START DATA BELOW
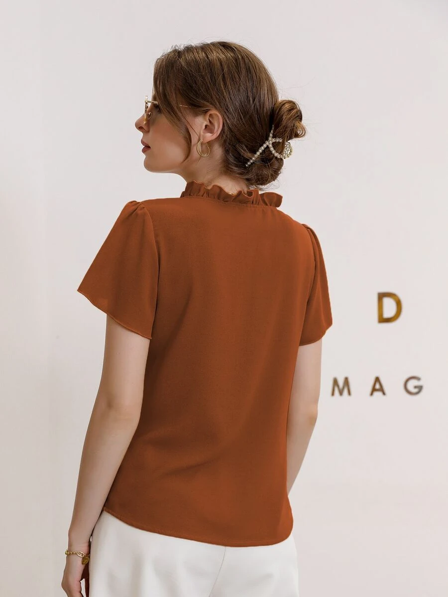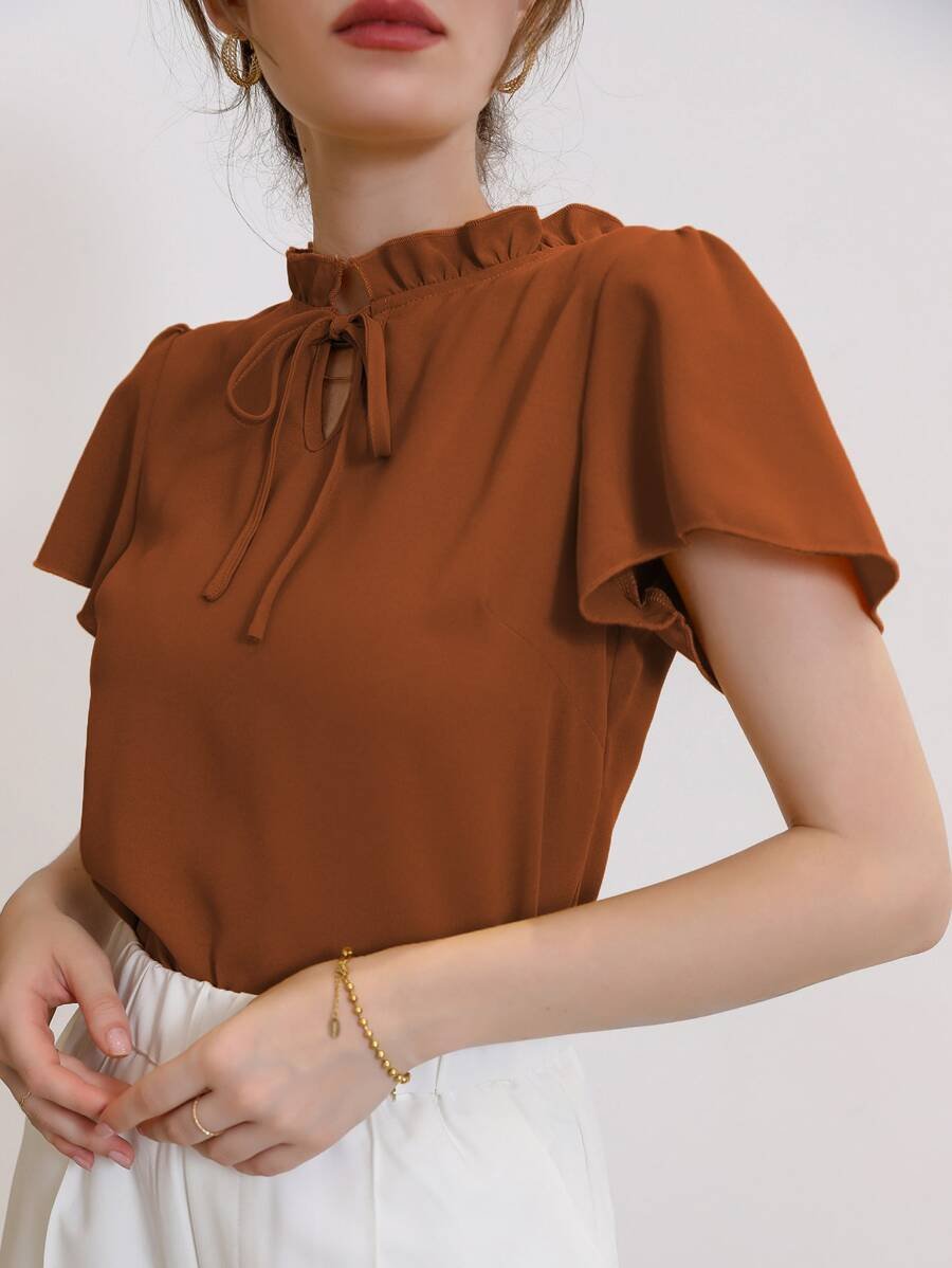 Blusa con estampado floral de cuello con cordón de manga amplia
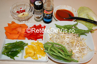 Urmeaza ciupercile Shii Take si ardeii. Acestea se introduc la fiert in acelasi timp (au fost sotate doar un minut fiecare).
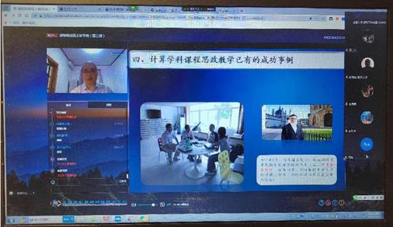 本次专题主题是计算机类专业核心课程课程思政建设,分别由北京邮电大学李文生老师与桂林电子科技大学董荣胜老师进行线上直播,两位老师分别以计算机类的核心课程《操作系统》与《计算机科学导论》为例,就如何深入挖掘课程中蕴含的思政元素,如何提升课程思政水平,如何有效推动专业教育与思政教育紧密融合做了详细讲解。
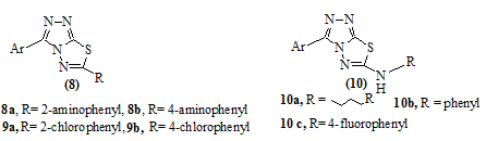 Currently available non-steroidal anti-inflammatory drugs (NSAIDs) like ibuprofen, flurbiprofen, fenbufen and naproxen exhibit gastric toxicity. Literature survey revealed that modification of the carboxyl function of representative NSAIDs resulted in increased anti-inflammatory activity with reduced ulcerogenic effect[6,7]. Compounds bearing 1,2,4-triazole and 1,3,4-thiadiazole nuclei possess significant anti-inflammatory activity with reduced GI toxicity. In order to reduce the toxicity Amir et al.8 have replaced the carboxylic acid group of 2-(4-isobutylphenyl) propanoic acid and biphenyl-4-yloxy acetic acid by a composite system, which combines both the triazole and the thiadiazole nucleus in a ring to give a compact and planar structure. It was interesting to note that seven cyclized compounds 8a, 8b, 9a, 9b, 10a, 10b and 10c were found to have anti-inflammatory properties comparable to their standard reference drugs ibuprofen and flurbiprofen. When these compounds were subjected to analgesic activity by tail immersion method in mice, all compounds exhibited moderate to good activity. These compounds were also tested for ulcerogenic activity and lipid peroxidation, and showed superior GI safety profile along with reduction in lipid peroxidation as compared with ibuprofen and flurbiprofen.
END DATA BELOW
PROBLEM STATEMENT: Write the listing out a second time exactly, dropping all images.

RESULT FOR THIS EXERCISE:
 Blusa con estampado floral de cuello con cordón de manga amplia
 Urmeaza ciupercile Shii Take si ardeii. Acestea se introduc la fiert in acelasi timp (au fost sotate doar un minut fiecare).
 本次专题主题是计算机类专业核心课程课程思政建设,分别由北京邮电大学李文生老师与桂林电子科技大学董荣胜老师进行线上直播,两位老师分别以计算机类的核心课程《操作系统》与《计算机科学导论》为例,就如何深入挖掘课程中蕴含的思政元素,如何提升课程思政水平,如何有效推动专业教育与思政教育紧密融合做了详细讲解。
 Currently available non-steroidal anti-inflammatory drugs (NSAIDs) like ibuprofen, flurbiprofen, fenbufen and naproxen exhibit gastric toxicity. Literature survey revealed that modification of the carboxyl function of representative NSAIDs resulted in increased anti-inflammatory activity with reduced ulcerogenic effect[6,7]. Compounds bearing 1,2,4-triazole and 1,3,4-thiadiazole nuclei possess significant anti-inflammatory activity with reduced GI toxicity. In order to reduce the toxicity Amir et al.8 have replaced the carboxylic acid group of 2-(4-isobutylphenyl) propanoic acid and biphenyl-4-yloxy acetic acid by a composite system, which combines both the triazole and the thiadiazole nucleus in a ring to give a compact and planar structure. It was interesting to note that seven cyclized compounds 8a, 8b, 9a, 9b, 10a, 10b and 10c were found to have anti-inflammatory properties comparable to their standard reference drugs ibuprofen and flurbiprofen. When these compounds were subjected to analgesic activity by tail immersion method in mice, all compounds exhibited moderate to good activity. These compounds were also tested for ulcerogenic activity and lipid peroxidation, and showed superior GI safety profile along with reduction in lipid peroxidation as compared with ibuprofen and flurbiprofen.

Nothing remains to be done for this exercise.